The doctors advise you to listen to what your body is telling you. I felt like mine was telling me it was using all the energy it had to mend what the chemo had damaged, and to stay in bed and just let it get on with that. So I did. And after a few days, I felt better.

To date, I think I've been pretty lucky when it comes to chemo side effects. Through the YBCN (Younger Breast Cancer Network) I've made friends with and got to know a lot of women roughly my age who are going through chemo at the same time as me. I hear about the side effects they are dealing with and have been waiting for them all to hit me but so far I seem be one of those that is getting off lightly. In addition to what I mentioned above, I think this is my complete list of side effects to date:
  • Some tiredness in the week after each chemo. There's also times I've felt a bit spaced out in the days after chemo but I think that's actually a side effect of the steroids, rather than the chemo itself.

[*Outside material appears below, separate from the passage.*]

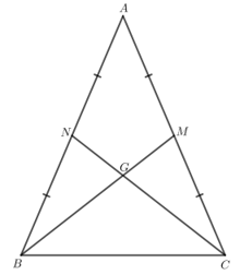 \(GB = \dfrac{2}{3}BM; GC = \dfrac{2}{3}CN\).
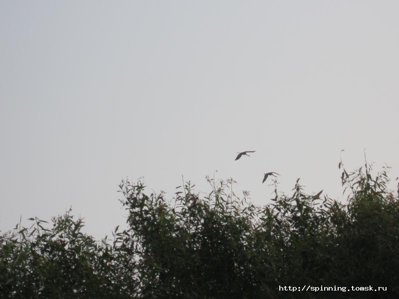 Пока завтракали и собирались на рыбалку, услышали над головами странные крики, это оказалась стая журавлей.

  • My hair has thinned a lot, and I am developing an attractive old man bald patch on top of my head. (My early nightmares were of me turning in to George Dawes or Gollum. I now know Friar Tuck is more likely.) It doesn't feel like it, but 33 days in to chemo, this is actually a bit of a cold cap success story. I'll soon be at the point where you'll definitely only see me in public with the wig on, but there's a good chance a load of my own hair will still be tucked away under there. Because if it stays as it is (too thinned out for me to be happy with it, but still plenty of hair there) then I am going to stick it out and not shave my head. It would mean as soon as chemo is done and hair starts growing again I will be able to get back to "normal" much more quickly. Filling out patchy bits enough for them to not be noticeable is much quicker than growing an entire new head of hair that's long enough to do anything with from scratch. Anyway, we'll see what happens (there's still plenty of time for another mass shedding leaving me with no option other than to go skinhead).
  • After both chemos I have had some patches of rough gums for a few days. But they haven't been sore or anything. I just noticed they were a bit rough. Like after you've burned the roof of your mouth on pizza (without the pain).

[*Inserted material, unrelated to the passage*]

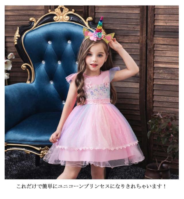 キッズ ハロウィン コスプレ ユニコーン コスチューム ワンピース 女の子 精霊 ハロウィン衣装 カチューシャ付き 2点セット チュチュ ベビー 赤ちゃん コスチューム 変装 仮装 子ども パーティー 演出服 ステージ イベント 送料無料

  • The gum above one tooth receded a bit after chemo #1 but so far doesn't seem to have gotten any worse.
  • There was the extreme vomiting the night of chemo #1 but a different anti-sickness drug given to me for chemo #2 stopped that happening again. I just felt a but sick later on that night (so I went to bed, slept, and was fine the next day).

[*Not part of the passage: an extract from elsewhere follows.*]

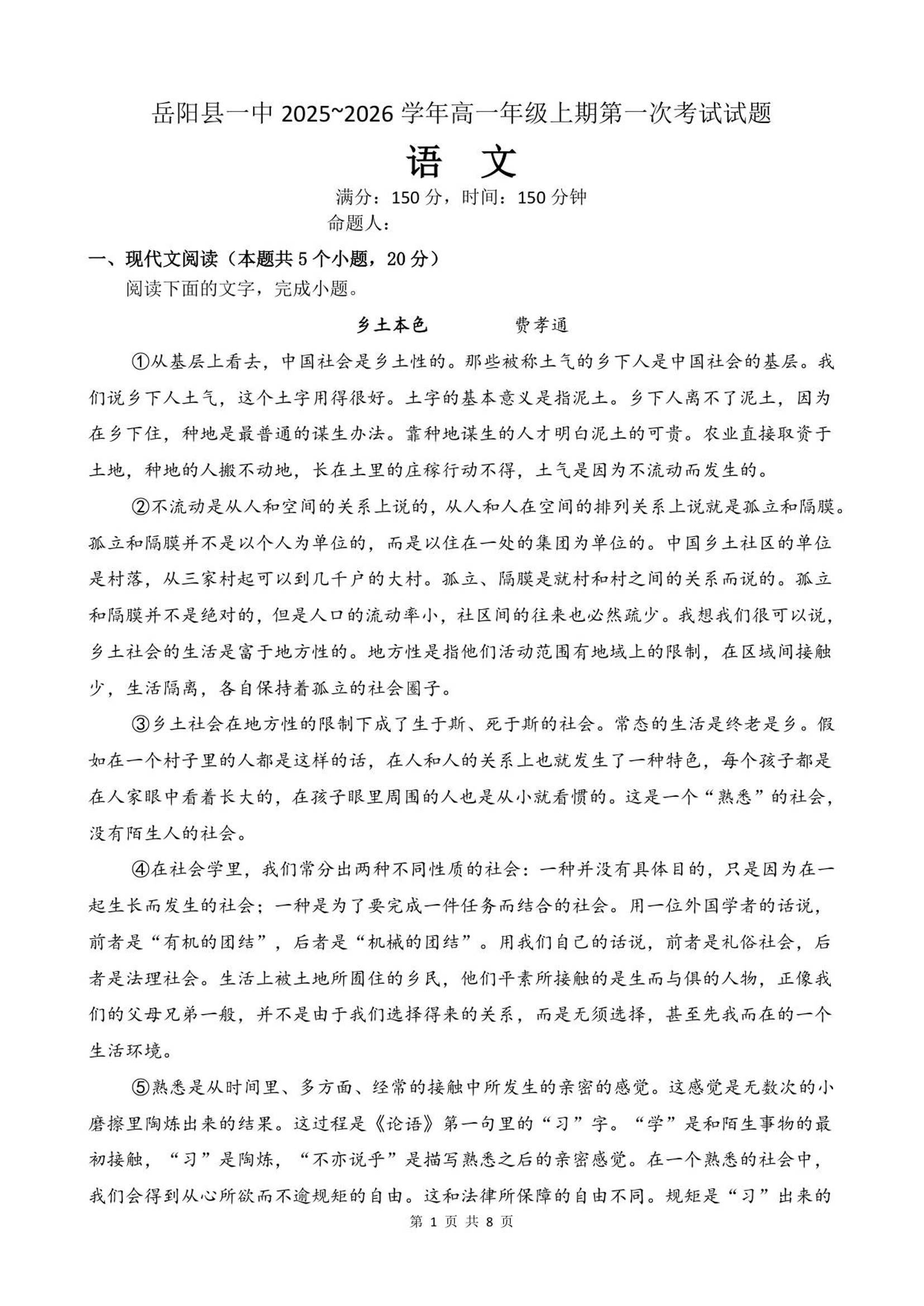 高一语文--湖南省岳阳市岳阳县第一中学2025-2026学年高一上学期第一次月考

  • I had one very minor nosebleed after chemo #1.
  • One of the veins in my left arm is hard and sore. You can see it sticking up through my skin. Sore, hard veins in your hand/arm seems to affect everyone that has chemo. It's no wonder - the entire dose of chemo goes through them before spreading out to the rest of the body. But, while it's sore at the moment, I can't say it's a massive issue or intolerable.
  • I'm absolutely going to blame any times where I have been an overreacting stresshead on the chemo too.
I think that's it. The massive bag of lotions, potions, and pills I bought in Boots remains intact. My card for free prescriptions remains unused.

I am hoping I'm now all set to be well until chemo #3 in ten days time (as long as I don't pick up any coughs or colds from anyone in that time). Fingers crossed!